What to work on:
Ignoring every picture, return the lines of the listing below word for word, from the line that holds "1、延续经典街机画风与垂直滚" through the line that holds "Deja and Norman".

Task inputs:
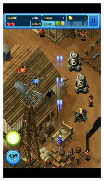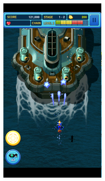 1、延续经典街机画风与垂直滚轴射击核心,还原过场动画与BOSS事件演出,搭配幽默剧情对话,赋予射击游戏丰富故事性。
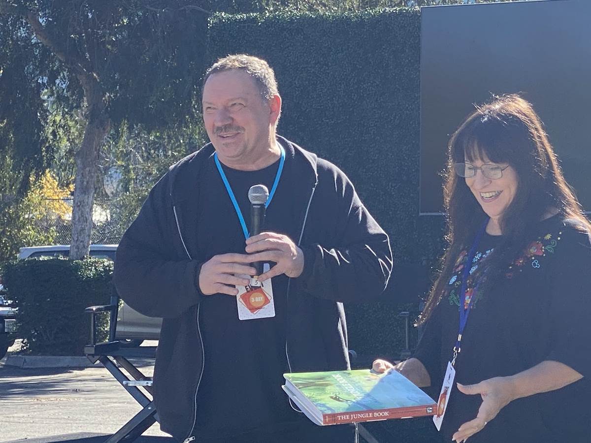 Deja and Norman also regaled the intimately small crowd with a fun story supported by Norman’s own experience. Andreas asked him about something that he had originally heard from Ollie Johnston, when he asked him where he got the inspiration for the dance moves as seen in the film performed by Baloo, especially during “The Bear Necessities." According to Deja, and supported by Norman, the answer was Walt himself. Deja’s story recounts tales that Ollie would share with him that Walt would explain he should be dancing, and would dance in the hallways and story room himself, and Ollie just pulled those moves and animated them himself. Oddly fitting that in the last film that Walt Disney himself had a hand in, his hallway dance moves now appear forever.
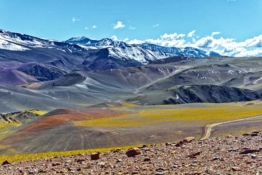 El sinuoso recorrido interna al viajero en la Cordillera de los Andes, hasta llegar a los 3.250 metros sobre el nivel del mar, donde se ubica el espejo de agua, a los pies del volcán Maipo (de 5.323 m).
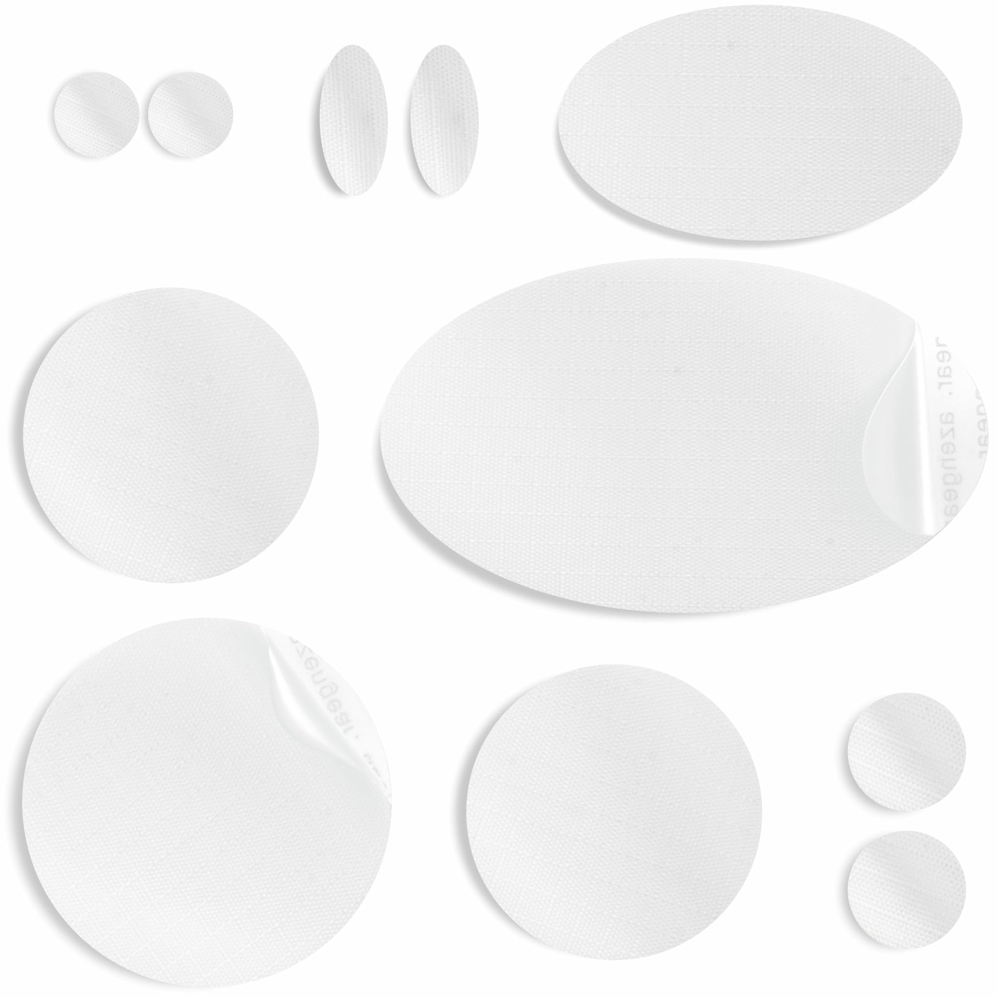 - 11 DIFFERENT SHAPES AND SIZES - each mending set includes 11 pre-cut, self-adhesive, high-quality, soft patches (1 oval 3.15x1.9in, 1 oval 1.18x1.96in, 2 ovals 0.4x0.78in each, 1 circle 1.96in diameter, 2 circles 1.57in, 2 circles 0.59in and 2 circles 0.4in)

* * *

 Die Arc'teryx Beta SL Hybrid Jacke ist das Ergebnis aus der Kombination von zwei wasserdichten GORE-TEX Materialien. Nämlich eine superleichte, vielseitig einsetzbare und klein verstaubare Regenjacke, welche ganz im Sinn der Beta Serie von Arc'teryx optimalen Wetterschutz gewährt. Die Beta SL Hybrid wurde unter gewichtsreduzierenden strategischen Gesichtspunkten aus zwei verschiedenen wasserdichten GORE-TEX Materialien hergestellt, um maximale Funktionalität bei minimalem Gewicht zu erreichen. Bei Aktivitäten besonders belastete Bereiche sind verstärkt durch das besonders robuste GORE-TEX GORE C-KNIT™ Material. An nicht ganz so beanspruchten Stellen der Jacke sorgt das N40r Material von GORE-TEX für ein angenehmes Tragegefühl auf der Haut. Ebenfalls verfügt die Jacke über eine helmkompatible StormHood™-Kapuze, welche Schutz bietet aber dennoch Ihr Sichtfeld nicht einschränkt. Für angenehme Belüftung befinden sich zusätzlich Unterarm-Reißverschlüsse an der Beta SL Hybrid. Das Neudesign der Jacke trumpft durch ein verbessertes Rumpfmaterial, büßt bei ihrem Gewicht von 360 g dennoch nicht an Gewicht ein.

Reply to the task:
 1、延续经典街机画风与垂直滚轴射击核心,还原过场动画与BOSS事件演出,搭配幽默剧情对话,赋予射击游戏丰富故事性。
 Deja and Norman also regaled the intimately small crowd with a fun story supported by Norman’s own experience. Andreas asked him about something that he had originally heard from Ollie Johnston, when he asked him where he got the inspiration for the dance moves as seen in the film performed by Baloo, especially during “The Bear Necessities." According to Deja, and supported by Norman, the answer was Walt himself. Deja’s story recounts tales that Ollie would share with him that Walt would explain he should be dancing, and would dance in the hallways and story room himself, and Ollie just pulled those moves and animated them himself. Oddly fitting that in the last film that Walt Disney himself had a hand in, his hallway dance moves now appear forever.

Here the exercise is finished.